What actually happens here? db returns a nested structure of two PackedLists. All nice and dandy.  But Python thinks they are two separate objects! The main list holds a reference to the internal list, but as far as I know there is no way for the nested list to get the back-reference to the list holding it! As far as the nested list knows, it is all alone in the world, and therefore there is no way to trigger a save in the "parent" list.
 The result is that we update the nested list just fine - and that triggers the save operation to neatly overwrite the main list in the cache and the database.
 
This latter problem is not something I've been able to solve. The only way around it seems to use a temporary variable, assign properly, then save it back, as suggested earlier. I'm thinking this is a fundamental limitation in the way cPython is implemented, but maybe I'm missing some clever hack here (so anyone reading who has a better solution)?

Either way, the db functionality makes for easy coding when saving things to the database, so despite it not working quite like normal Python, I think it's pretty useful.

Sunday, February 5, 2012

Evennia's open bottlenecks

Since Evennia hit beta I have been mostly looking behind the scenes to see what can be cleaned up and not in the core server. One way to do that is to check where the bottlenecks are. Since a few commits, Evennia's runner has additions for launching the Python cProfiler at startup. This can be done for both the Portal and the Server separately.
I have created a test runner (soon to hit trunk) that launches dummy clients. They log on and then goes about their way executing commands, creating objects and so on. The result of looking at the profiling data (using e.g. runsnake) has been very interesting.

Firstly, a comparably small part of execution time is actually spent in Evennia modules - most is spent using Python built-ins and in the Twisted/Django libraries.
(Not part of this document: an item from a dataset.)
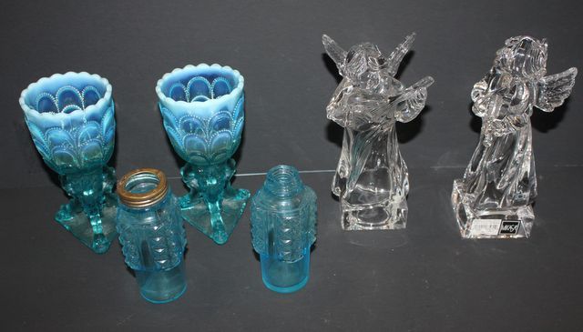 Pair Blue Pauline Vases, Blue Salt and Pepper, Clear Angels Pair Blue Pauline Vases, Blue Salt and Pepper, Clear Angels
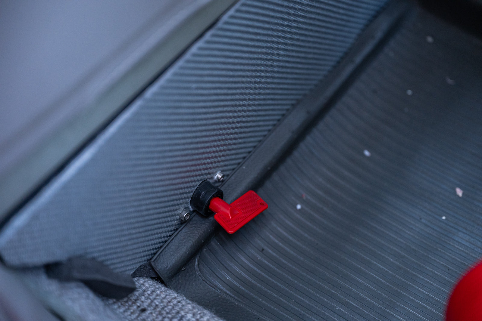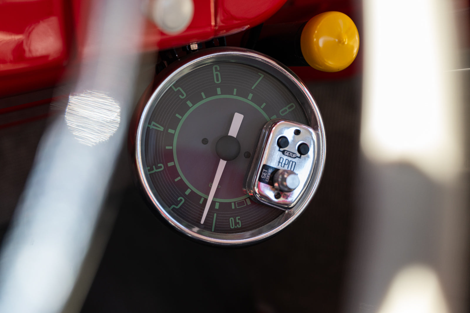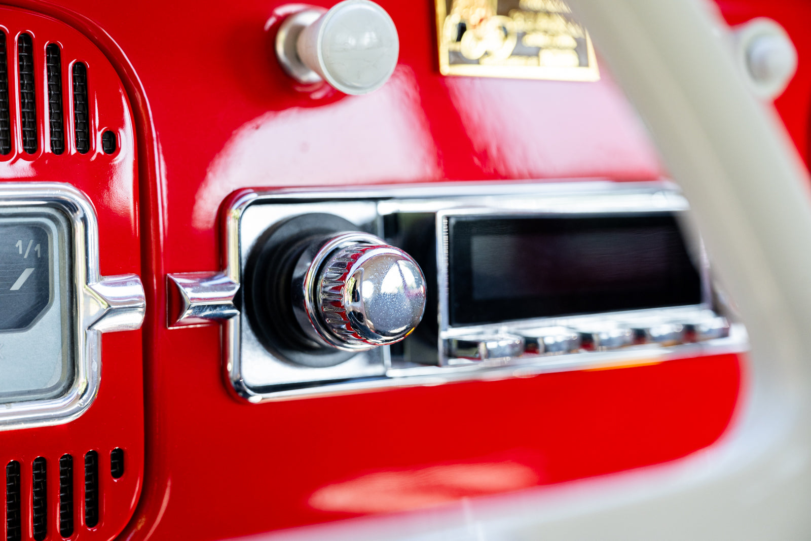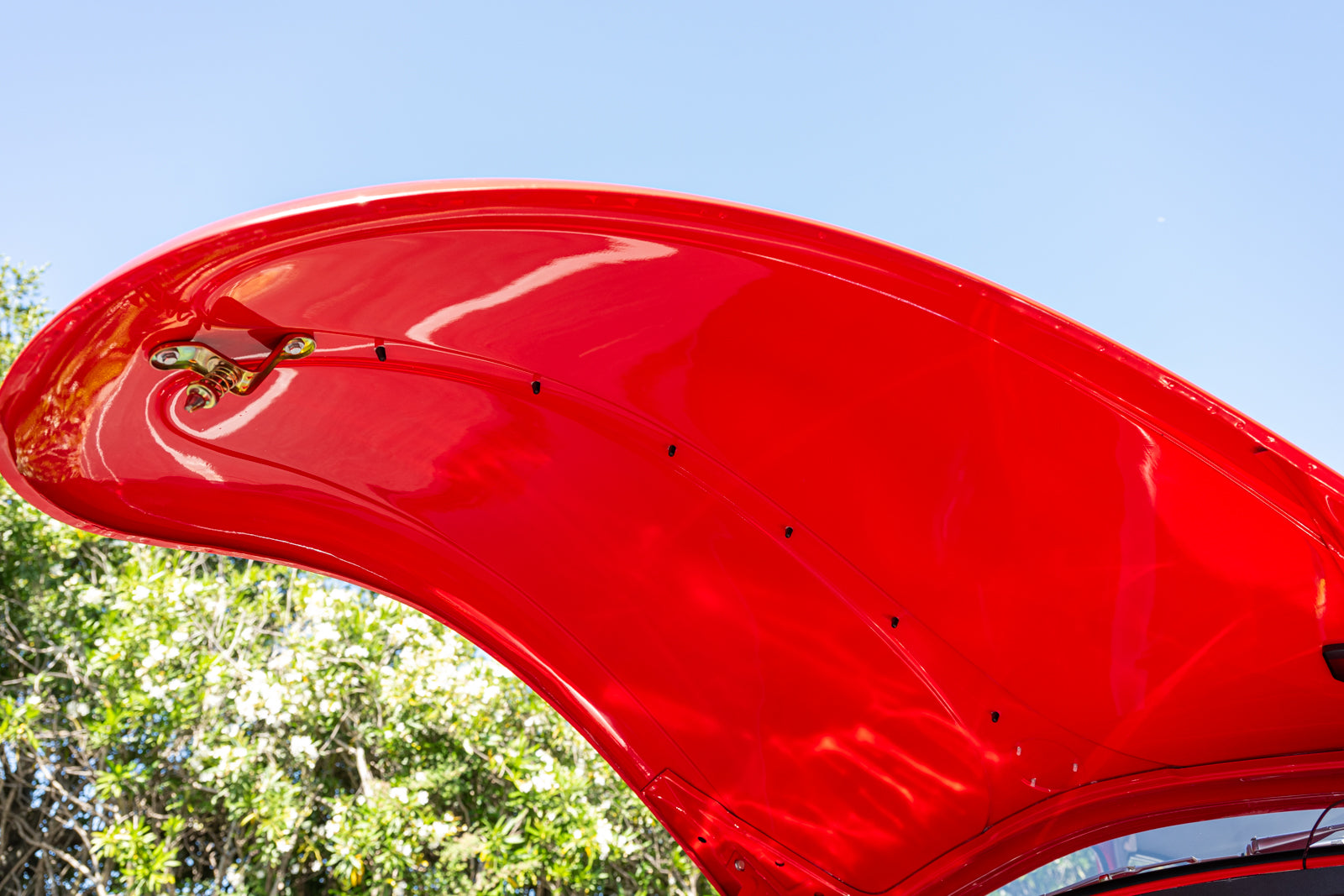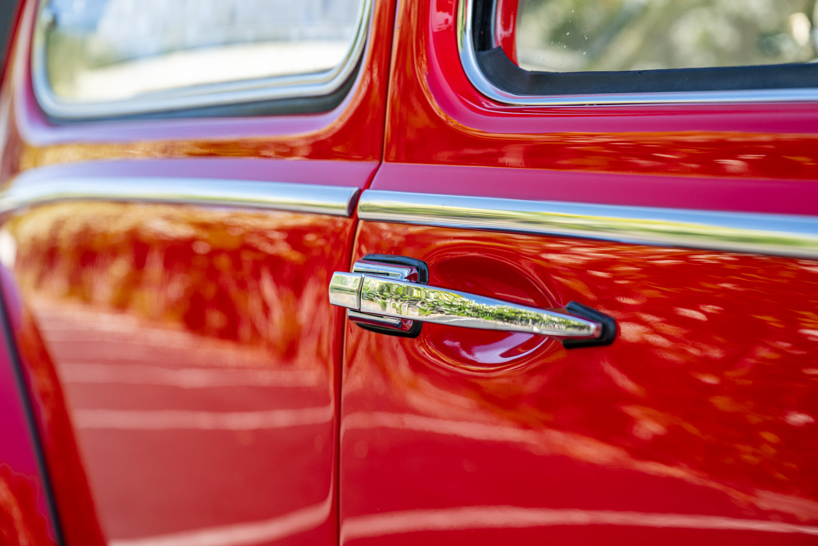 Fuchs-style 15″ wheels wear Porsche-crest center caps and 145-series Nankang CX668 tires up front and 205/70 Westlake Radial RP-18 tires out back. Stopping power is provided by four-wheel disc brakes with red-finished calipers and front drilled and slotted rotors.

This is promising in a way - at least there are no expensive loops in the Evennia code itself that sucks up cycles. Of course it also means we depend heavily on django/twisted (no surprise there) and especially when it comes to database access, I know there could be more caching going on so as to cut down on db calls. 

Of the Evennia modules, a lot of time is spent in getting properties off objects - this is hard to avoid, it a side effect of Evennia's typeclass system - and this is cached very aggressively already. What also stands out as taking a considerable time is the command system - the merging of command sets in particular does a lot of comparing operations. This happens every time a command is called, so there are things to be done there. The same goes for the help system; it needs to collect all the currently active command sets for the calling player. Maybe this could be cached somehow.

More work on this is needed, but as usual optimization is a double-edged sword. Evennia is written to have a very readable code. Optimization is usually the opposite of readable, so one needs to thread carefully. 

About this dev blog

This is to be my Evennia dev blog, but it will also cover various other musings concerning programming in general and mud designing in particular. Whereas the Evennia mailing list remains the main venue for discussion, I will probably use this blog for announcing features too.

Some background:
Evennia is a Python MUD/MUX/MU* server. More correct is probably to call it a "MUD-building system". The developer codes their entire game using normal Python modules. All development is done with the full power of Python - gritty stuff like database operations and network communication are hidden away behind custom classes that you can treat and modify mostly like any Python primitives.

Since the server is based on the Twisted and Django technologies we can offer many modern features out of the box. Evennia is for example its own web server and comes with both its own website and an "comet"-style browser mud client. But before this turns into even more of a sales pitch, I'll just just direct you to the evennia website if you want to know more. :)

I, Griatch, took over the development of Evennia from the original author, Greg Taylor, in 2010.